What you can expect of us

As we work to develop treatments that take care of others, so we work to care for our teammates professional and personal growth and well-being.

  • Vast opportunities to learn and move up and across our global organization
  • Diverse and inclusive community of belonging, where teammates are empowered to bring ideas to the table and act
  • Generous Total Rewards Plan comprising health, finance and wealth, work/life balance, and career benefits
Apply now

for a career that defies imagination

In our quest to serve patients above all else, Amgen is the first to imagine, and the last to doubt. Join us.


Join Us

If you're seeking a career where you can truly make a difference in the lives of others, a career where you can work at the absolute forefront of biotechnology with the top minds in the field, you'll find it at Amgen.

Amgen, a biotechnology pioneer, discovers, develops and delivers innovative human therapeutics. Our medicines have helped millions of patients in the fight against cancer, kidney disease, rheumatoid arthritis and other serious illnesses.
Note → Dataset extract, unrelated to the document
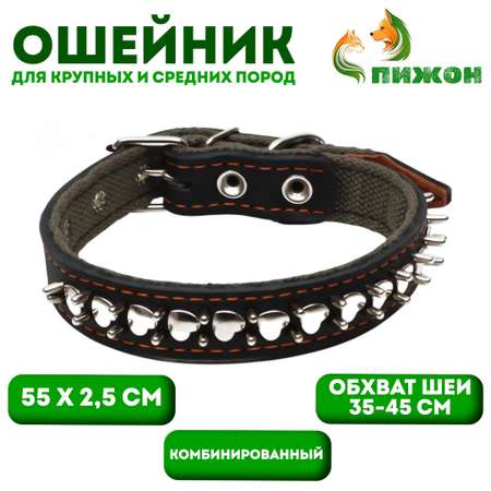 Ошейник Пижон кожа и брезент Ёж 55 см чёрный

As an organization dedicated to improving the quality of life for people around the world, Amgen fosters an inclusive environment of diverse, ethical, committed and highly accomplished people who respect each other but compete intensely to win. Together, we live the Amgen values as we continue advancing science to serve patients.

Amgen is an Equal Opportunity employer and will consider all qualified applicants for employment without regard to race, color, religion, sex, sexual orientation, gender identity, national origin, protected veteran status, or disability status.